Christine Winter: Undeveloped parcel a fire risk, not maintained
My husband and I moved into Lake Wildwood in January of 2019 on Wildflower Drive. We are concerned about the fire hazard that is ever present behind our home.
Our home backs onto the vacant/undeveloped parcel of land that is part of the Wildwood Ridge property. This property is extremely overgrown and, considering all the fire safe activity that is occurring presently in the Lake Wildwood community and Nevada County, we were hoping to be able to have much of the land behind Wildflower Drive cleared of debris (underbrush and deadwood) which is fuel for a fire.
We have been attempting to contact those connected to this property to reach an agreement about dealing with this overgrowth since spring of last year. Tracking down those responsible for this parcel of land has been extremely difficult and we have been told by reliable sources that it reaches a level of inquiry within the county where the inquirers are told to, quite literally, “back off” and nothing more is done other than mowing a small strip annually between the houses and trees. This area requires more than annual mowing. We have also been told by another reliable source that this particular parcel has been a problem for 15 to 20 years.
According to this same source, there used to be fire trails that were maintained as emergency exits for Lake Wildwood residents. However, these have now been allowed to overgrow and become inaccessible and are no longer available for evacuation purposes.
There would be no way of stopping or controlling a fire if it came through this parcel of land and thus is a hazard to the homes along Wildflower Drive and subsequently more extensive sections of Lake Wildwood.
Following investigations around the fire risk in Lake Wildwood, it has been discovered that in 1988-89 there was a wildfire, named the “49er Fire,” which decimated much of the area within Lake Wildwood and surrounding areas, which came through the area in question. In light of this and the Camp Fire in Paradise in 2018, we are extremely concerned with the upcoming fire season. This land has a build-up of fire fuel spanning 32 years, including trees that were burned at the time and not cleared!

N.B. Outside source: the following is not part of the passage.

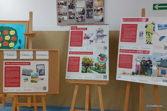 W dniach od 21 listopada do 28 listopada 2025r. uczniowie wzięli również udział w aktywnościach TEG organizowanych przez Polską Akcję Humanitarną. Ośrodek otrzymał od tej organizacji wyjątkową wystawę plakatową „W innym świetle”, skłaniającą do refleksji nad narracjami o otaczającym nas świecie oraz do rozmów o historii polskiej emigracji, stereotypach podróżniczych, uprzedzeniach czy współczesnym rozumieniu polskości. Wystawa wykorzystywała jako punkt wyjścia doświadczenia emigracyjne Polaków, zachęcając do krytycznego spojrzenia na to, jak postrzegamy siebie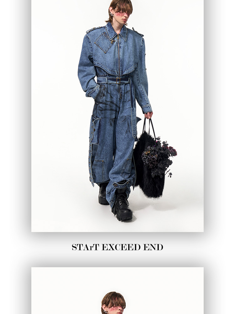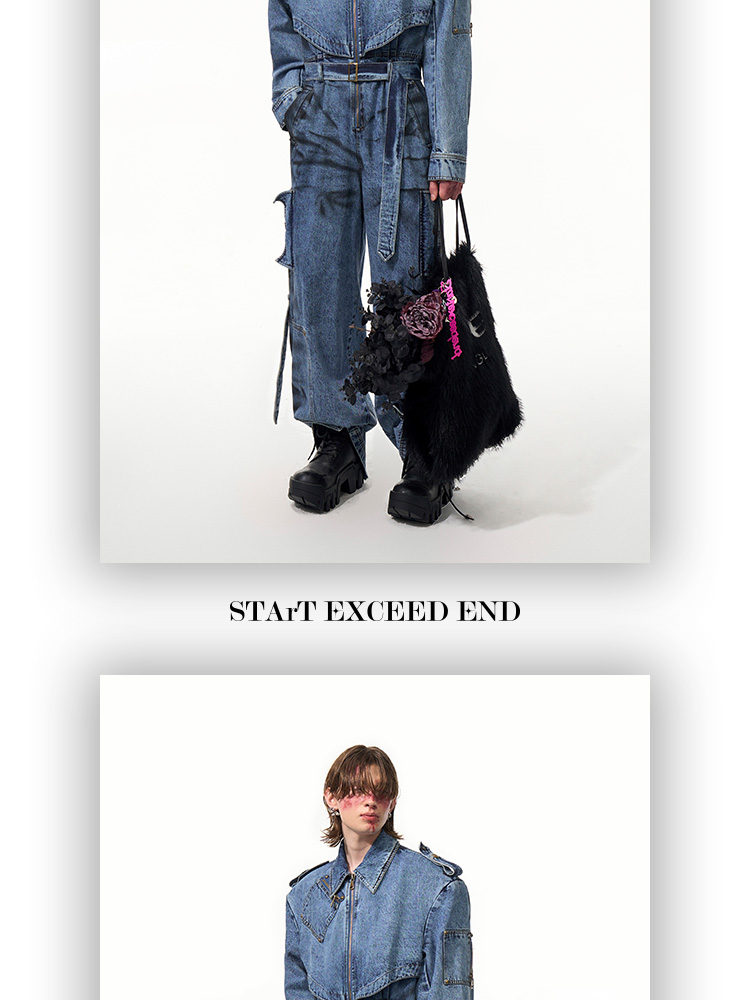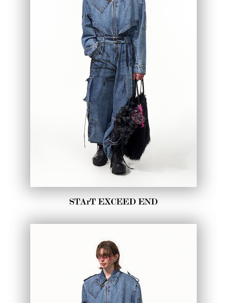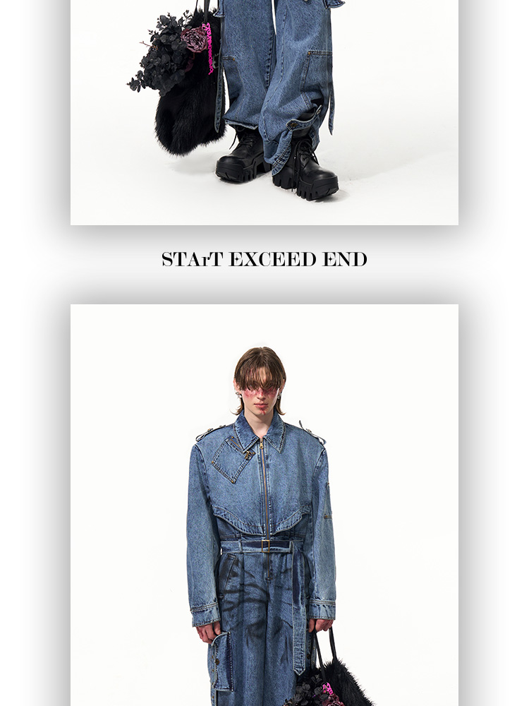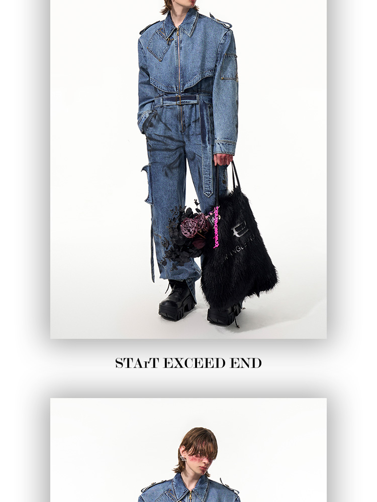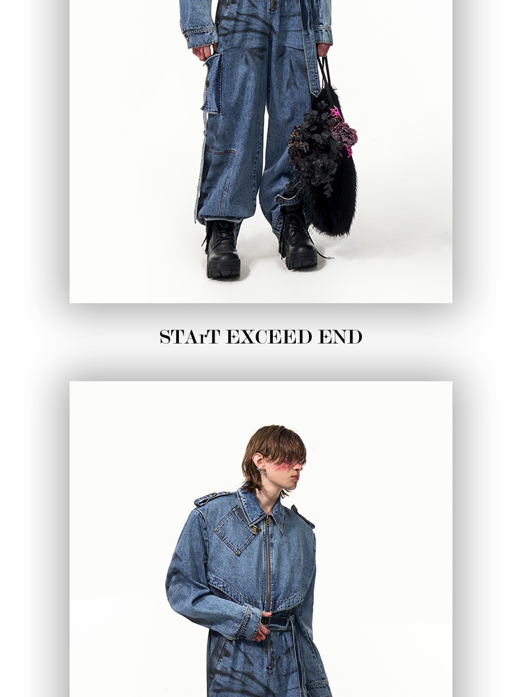 Tie-dye Zipper Design Denim Coveralls Jumpsuit WN14821

Last year, both a Nevada County official and a representative of the property owner inspected the area and, apart from a few minor areas, they would not assist any further with clearance of the underbrush and said they would only keep to the 100-foot limit from structures, as the law apparently provides.

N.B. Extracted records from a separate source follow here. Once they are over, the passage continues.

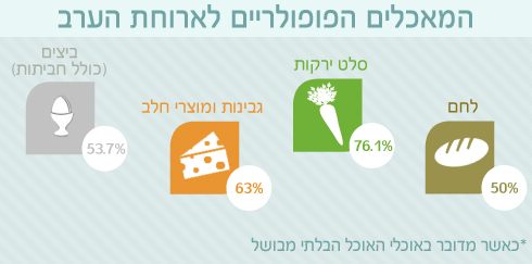 המאכלים הפופולריים ביותר אינם מפתיעים: סלט ירקות (76.1%), גבינות ומוצרי חלב (63%), ביצים כולל חביתות (53.7% ) ולחם (50%) כשמדובר באוכלי האוכל הבלתי מבושל.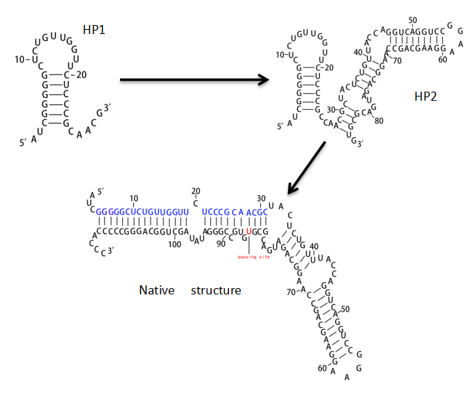 A.coli SRP RNA折叠路径                 HIV-1 TAR RNA折叠路径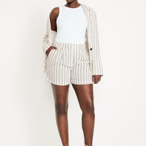 Extra High-Waisted Linen-Blend Taylor Trouser Shorts — 5-inch inseam

Together with this worrying attitude from the property owner, is the ever-present risk of sparks being thrown up by the trail bikes that are regularly heard being ridden through this area. Should this occur, this area would catch fire and quickly become a major problem.
As per the letter received by residents on Saturday May 4, 2020, Nevada County is urging all residents to be “fire wise” and “fire ready.” The county is requiring all residents to maintain that the areas around their homes are free of debris. The excerpt below is from the above notice received by residents:
The California Code of Regulations and guidance from the National and International Fire Protection Association advise that; “dead and dying woody surface fuels and aerial fuels be removed. Loose organic material shall be permitted to a maximum depth of 3 inches” [14 CCR § 1229.03(b)(2)(A)].
Also, they stipulate that residents “remove all dead and dying grass, plants, shrubs, trees, branches, leaves, weeds and needles [14CCR § 1299.03 (a) (1)].
The letter stated that Nevada County boasts that it has the “second highest number of Firewise Communities in the state.”
The area in question behind ours and others homes bordering this parcel of land is another Campfire/Paradise Fire disaster waiting to happen. If residents are expected to be “Firewise” and “Firesafe,” why is the same not expected of the absent owners of undeveloped land that is presently presenting a significant risk to properties adjoining them and potentially the lives of residents?
Christine Winter lives in Penn Valley.